[Tutor] Changing the interpreter prompt symbol from ">>>" to ???

Tue Mar 15 15:51:57 EDT 2016

> From: eryksun at gmail.com
> Date: Sun, 13 Mar 2016 13:58:46 -0500
> Subject: Re: [Tutor] Changing the interpreter prompt symbol from ">>>" to ???
> To: tutor at python.org
> CC: sjeik_appie at hotmail.com
> 
> On Sun, Mar 13, 2016 at 3:14 AM, Albert-Jan Roskam
> <sjeik_appie at hotmail.com> wrote:
> > I thought that utf-8 (cp65001) is by definition (or by design?) impossible
> > for console output in windows? Aren't there "w" (wide) versions of functions
> > that do accept utf-8?
> 
> The wide-character API works with the native Windows character
> encoding, UTF-16. Except the console is a bit 'special'. A surrogate
> pair (e.g. a non-BMP emoji) appears as 2 box characters, but you can
> copy it from the console to a rich text application, and it renders
> normally. 

That is very useful to know.

> The console also doesn't support variable-width fonts for
> mixing narrow and wide (East Asian) glyphs on the same screen. If that
> matters, there's a program called ConEmu that hides the console and
> proxies its screen and input buffers to drive an improved interface
> that has flexible font support, ANSI/VT100 terminal emulation, and
> tabs. If you pair that with win_unicode_console, it's almost as good
> as a Linux terminal, but the number of hoops you have to go through to
> make it all work is too complicated.

So windows uses the following (Western locales):
console: cp437 (OEM codepage)
"bytes": cp1252 (ANSI codepage)
unicode: utf-16-le (is 'mbcs' equivalent to utf-16-*?)

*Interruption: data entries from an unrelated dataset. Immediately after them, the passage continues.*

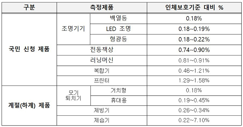 조명기기류와 러닝머신 등 국민들이 신청한 제품 7종과 모기퇴치기, 제빙기 등 하계계절 제품 3종에 대한 전자파 노출량을 측정한 결과, 모두 인체보호기준을 만족한 것으로 나타났다.
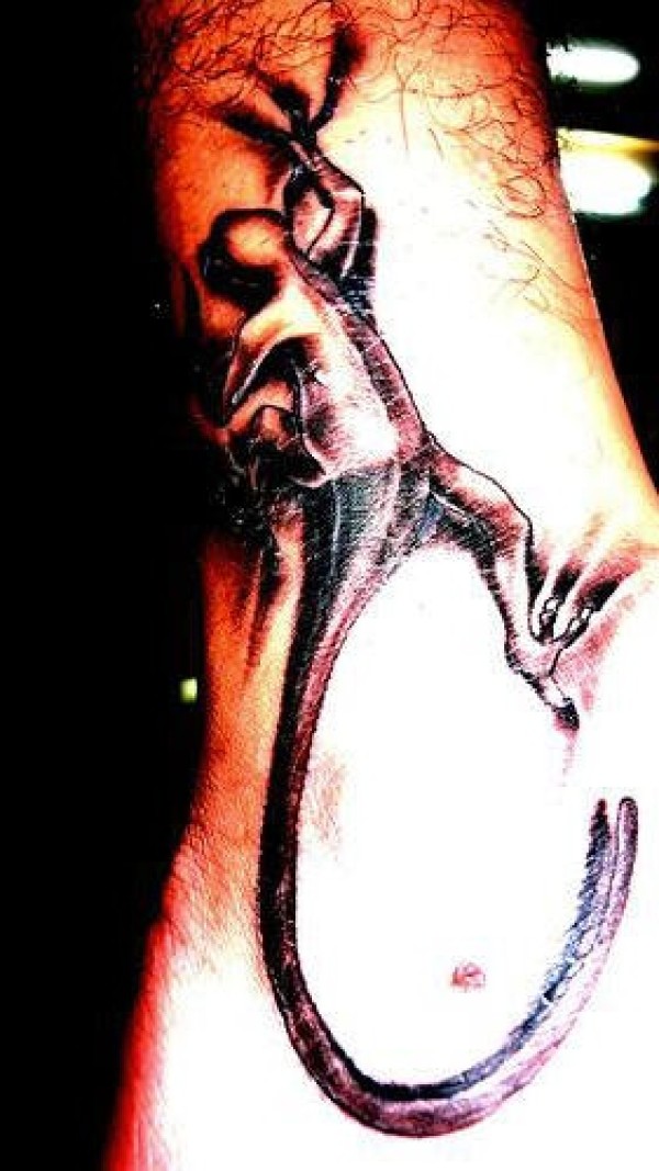 脚裸黑棕色蜥蜴爬行皮肤纹身
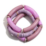 Set of Three Stretch Bracelets Featuring Acrylic Tube Beads and Heishi Beads
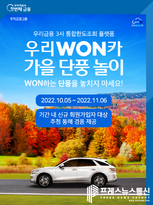 [프레스뉴스] 김대일 기자= 우리금융그룹(회장 손태승)은 우리WON카 앱을 설치하고 회원가입을 한 고객을 대상으로 ‘우리WON카 가을 단풍 놀이 이벤트’를 실시한다고 9일 밝혔다.

Sheesh, so much room for errors. Why not everything utf-8, like in linux? 
Is cmd.exe that impopular that Microsoft does not replace it with something better?
I understand that this silly OEM codepage is a historical anomaly, but am I correct
in saying that the use of codepages (with stupid differences such as latin-1 vs cp1252 as a bonus)
are designed to hamper cross-platform compatibility (and force people to stick with windows)?

> Some people try to use UTF-8 (codepage 65001) in the ANSI API --
> ReadConsoleA/ReadFile and WriteConsoleA/WriteFile. But the console's
> UTF-8 support is dysfunctional. It's not designed to handle it.
> 
> In Windows 7, WriteFile calls WriteConsoleA, which decodes the buffer
> to UTF-16 using the current codepage and returns the number of UTF-16
> 'characters' written instead of the number of bytes. This confuses
> buffered writers. Say it writes a 20-byte UTF-8 string with 2 bytes
> per character. WriteFile returns that it successfully wrote 10
> characters, so the buffered writer tries to write the last 10 bytes
> again. This leads to a trail of garbage text written after every
> write.

Strange. I would have thought it writes the first 10 bytes (5 characters) and that the remaining 10 bytes end up in oblivion.

> When a program reads from the console using ReadFile or ReadConsoleA,
> the console's input buffer has to be encoded to the target codepage.
> It assumes that an ANSI character is 1 byte, so if you try to read N
> bytes, it tries to encode N characters. This fails for non-ASCII
> UTF-8, which has 2 to 4 bytes per character. However, it won't
> decrease the number of characters to fit in the N byte buffer. In the
> API the argument is named "nNumberOfCharsToRead", and they're sticking
> to that literally. The result is that 0 bytes are read, which is
> interpreted as EOF. So the REPL will quit, and input() will raise
> EOFError.